In prepping for a stats course, I was searching around for some data with a tangible interest for students. Turns out, the Geosciences department here at the university has a weather station, from which you can download minute-by-minute weather data! They only have the data compiled into year’s worth csvs between 2007 and 2015, but that’s still plenty to dig our teeth into.
library(tidyverse)
library(magrittr)
library(lubridate)
library(ggplot2)
library(mgcv)
library(itsadug)
I’ll suck down the csvs by
map()ping read_csv() ton the urls.weathers <- paste("https://www.geos.ed.ac.uk/~weather/jcmb_ws/JCMB_", seq(2007, 2015), ".csv", sep = "")
weather_list <- map(weathers, read_csv)
weather_df <- bind_rows(weather_list)
nrow(weather_df)
[1] 4572805
head(weather_df)
So, this is a pretty meaty data frame. We’ll convert date-time to an actual datetime format with one of the handy dandy lubridate functions.
weather_df <- weather_df%>%
mutate(`date-time`= ymd_hm(`date-time`))
All formats failed to parse. No formats found.
mean(diff(weather_df$`date-time`))
Time difference of 60.98193 secs
Yeah, so roughly one recording every minute. I was specifically interested in the temperature data, and in my first blush with it, there were some really values.

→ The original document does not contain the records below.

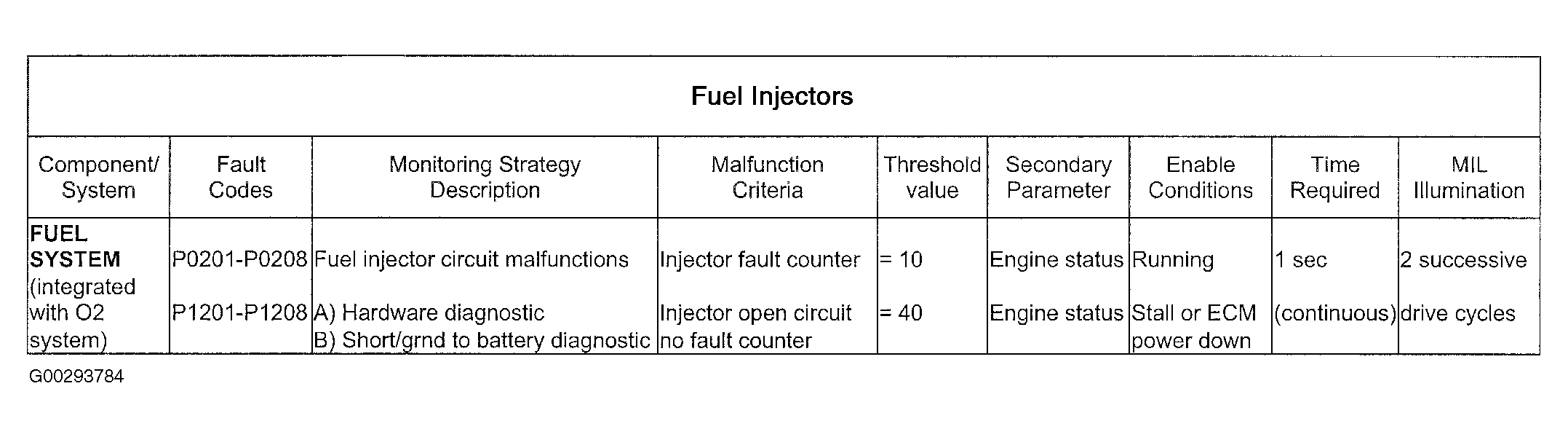 This monitor covers information for DTC P0201-P0208 and P1201-P1208.
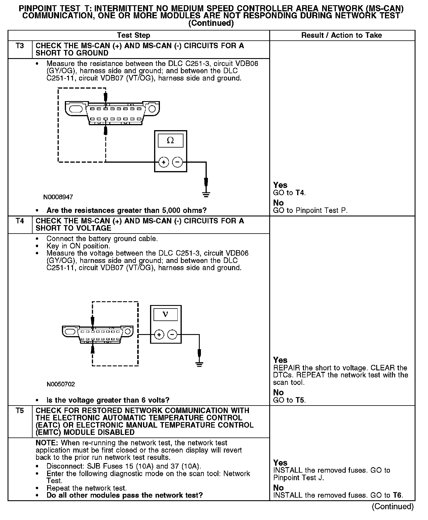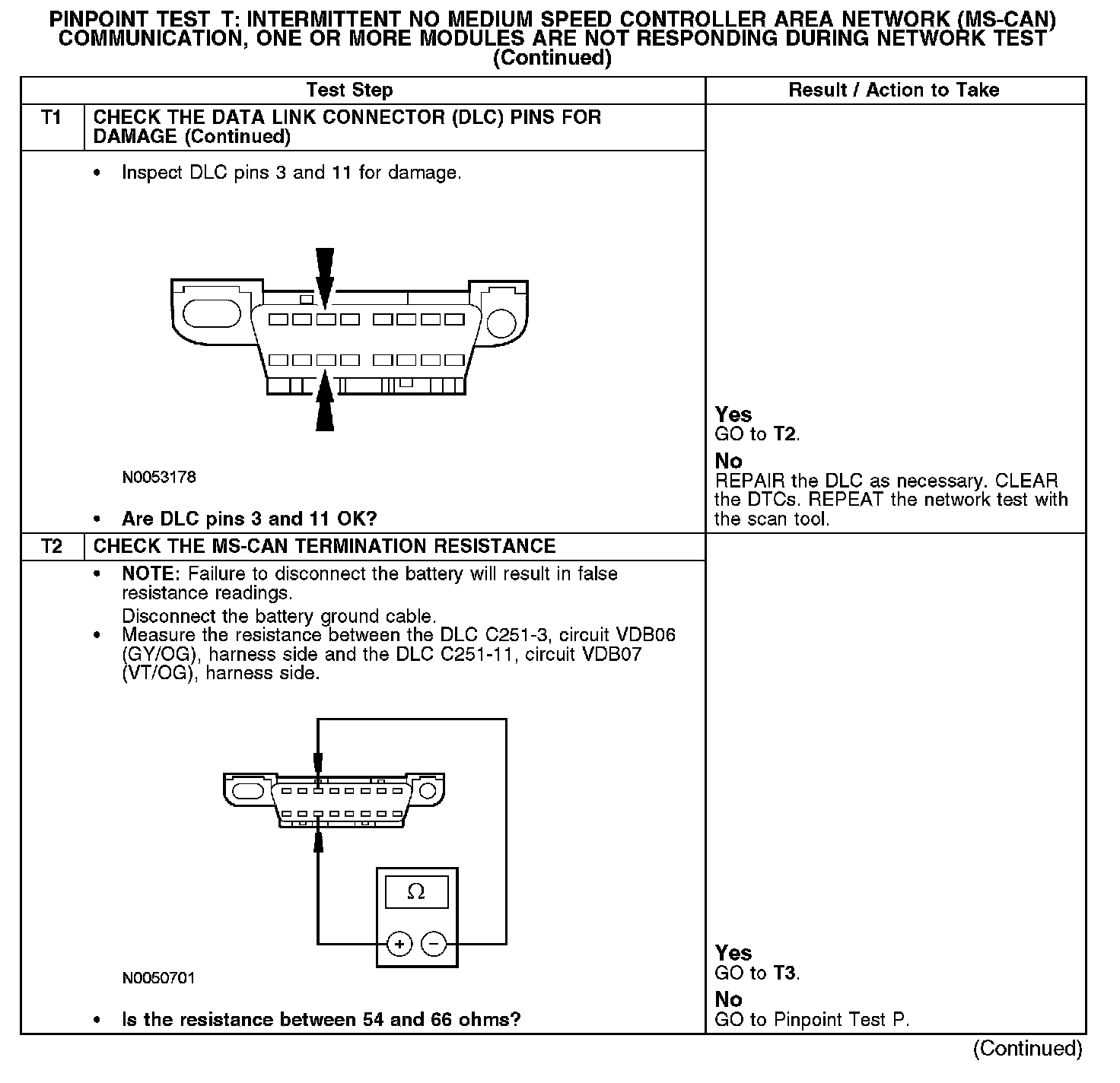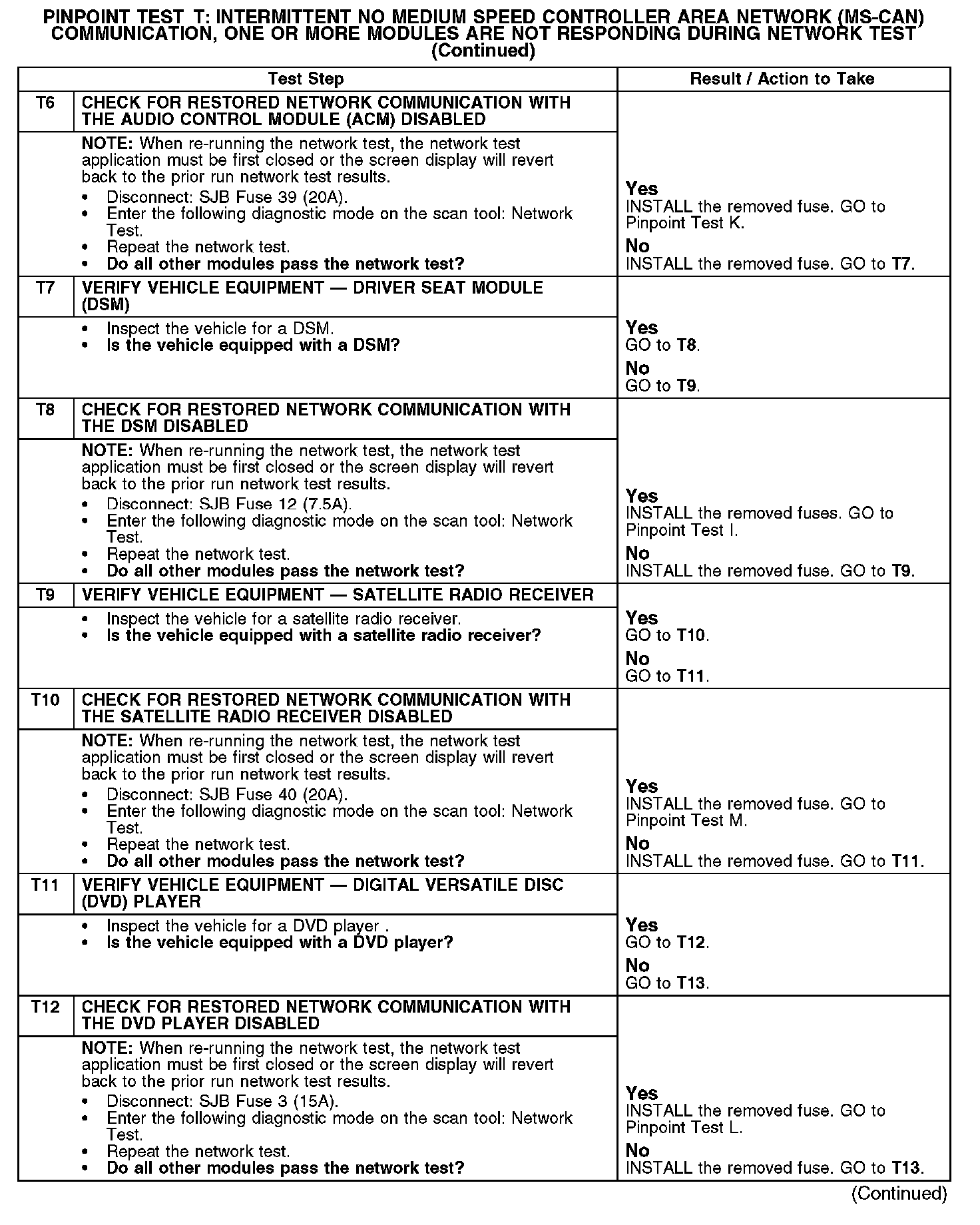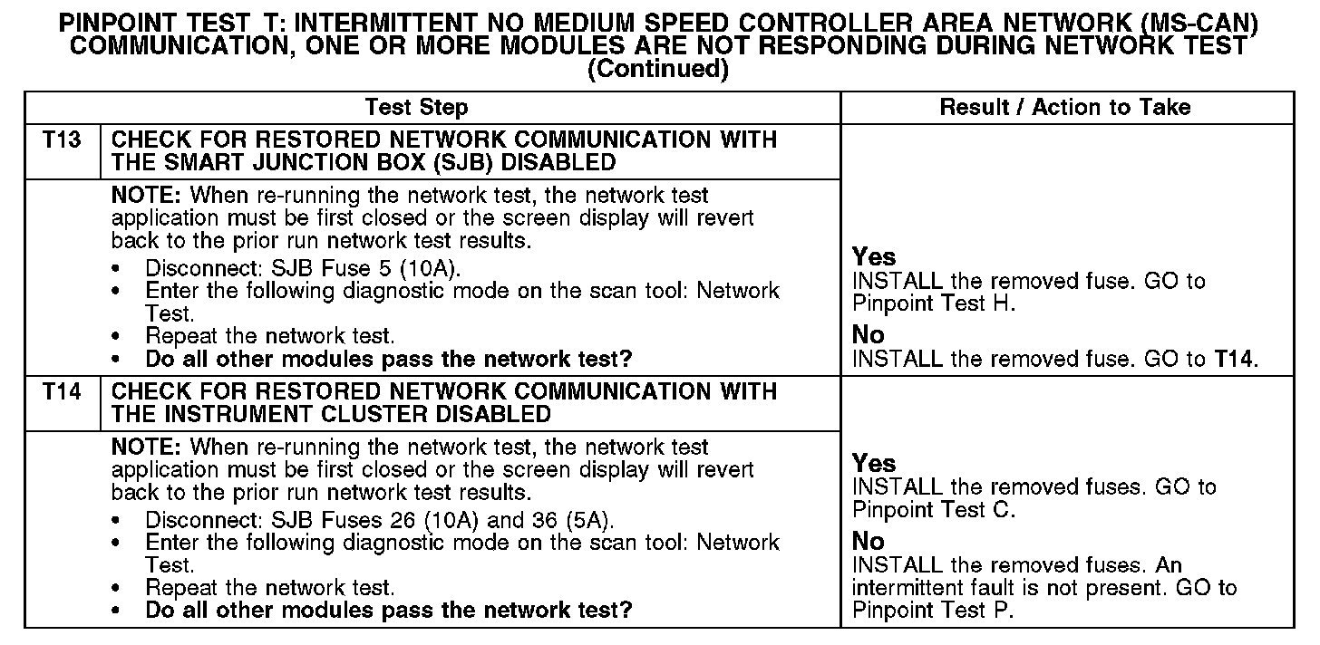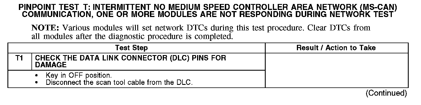 Test T: Intermittent No Medium Speed Controller Area Network (MS-CAN) Communication, One Or More Modules Are Not Responding Dur
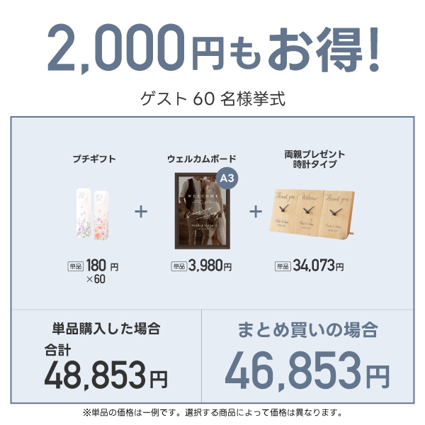 ゲスト60名分のプチギフト・ウェルカムボード・両親プレゼント【時計タイプ】をまとめて購入で何と2,000円OFF!!
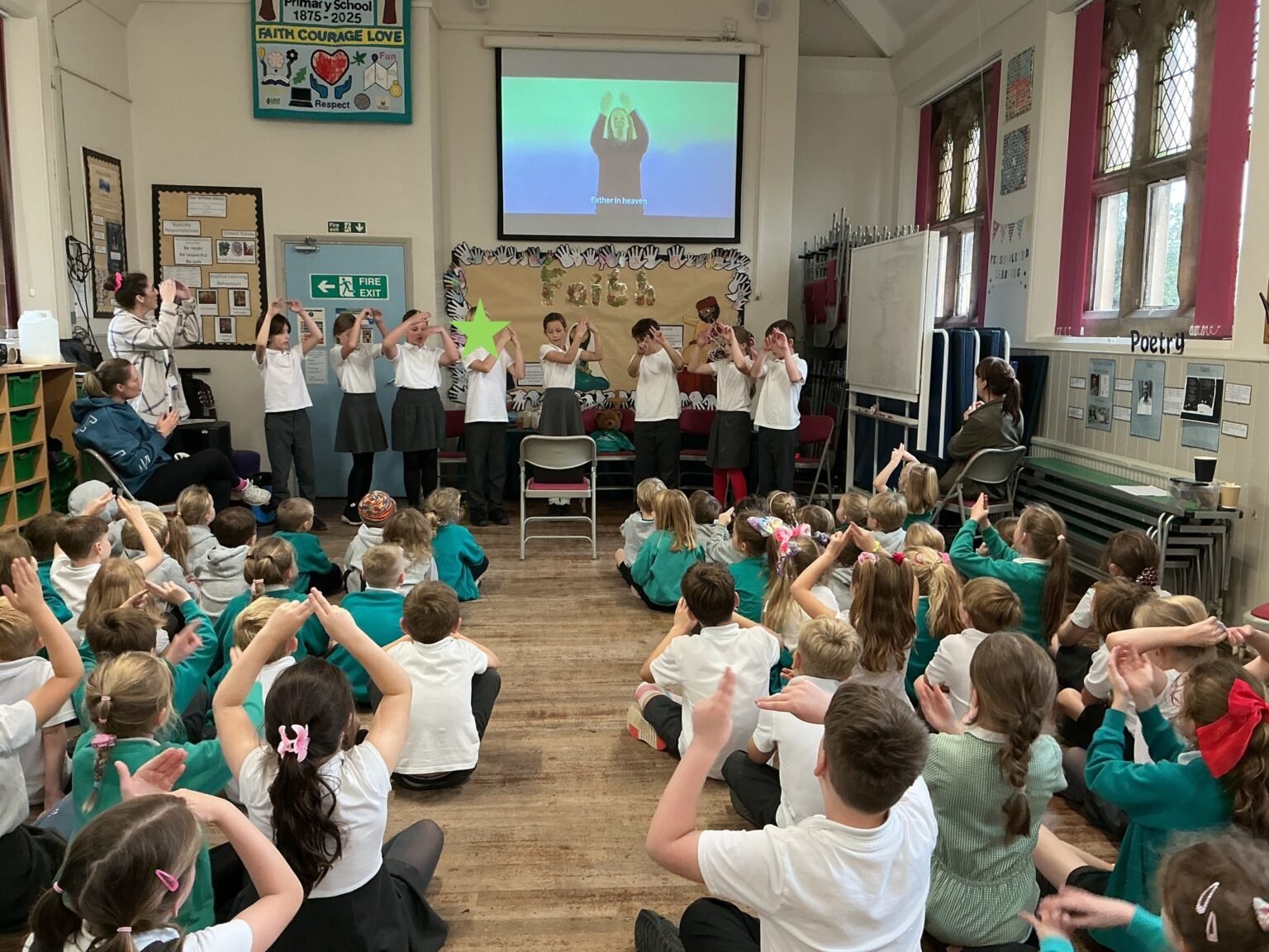 Alunos fazem a ‘Oração do Senhor’ junto com professora pelo telão. (Foto: Faith in the North)

range(weather_df$`surface temperature (C)`)
[1] -9999.0 89.5
Sufficed to say, it has never been -9999 degrees celcius, nor 89 degrees celcius for even one minute in Edinburgh. There is some more weirdness at the very low temperatures though.
weather_df %>%
arrange(`surface temperature (C)`)%>%
slice(1:100)%>%
use_series("surface temperature (C)")
[1] -9999.00 -9999.00 -9999.00 -9999.00 -9999.00 -9999.00 -9999.00 -9999.00 -9999.00 -9999.00 -9999.00 -9999.00 -9999.00 -9999.00
[15] -9999.00 -9999.00 -9999.00 -9999.00 -6999.00 -40.00 -40.00 -40.00 -40.00 -40.00 -40.00 -40.00 -40.00 -40.00
[29] -40.00 -40.00 -34.97 -26.43 -9.28 -9.28 -9.27 -9.27 -9.24 -9.23 -9.23 -9.23 -9.23 -9.23
[43] -9.22 -9.22 -9.22 -9.22 -9.21 -9.20 -9.20 -9.19 -9.17 -9.17 -9.17 -9.16 -9.13 -9.13
[57] -9.12 -9.12 -9.12 -9.12 -9.11 -9.11 -9.11 -9.10 -9.10 -9.10 -9.09 -9.08 -9.08 -9.07
[71] -9.07 -9.06 -9.06 -9.06 -9.06 -9.06 -9.05 -9.05 -9.05 -9.05 -9.04 -9.04 -9.04 -9.04
[85] -9.04 -9.03 -9.03 -9.03 -9.01 -9.01 -9.00 -9.00 -8.97 -8.97 -8.97 -8.96 -8.96 -8.95
[99] -8.95 -8.93
The sudden step function brtween -26 and -9 is kind of strange, and -26 is not a very plausible temperature for this city.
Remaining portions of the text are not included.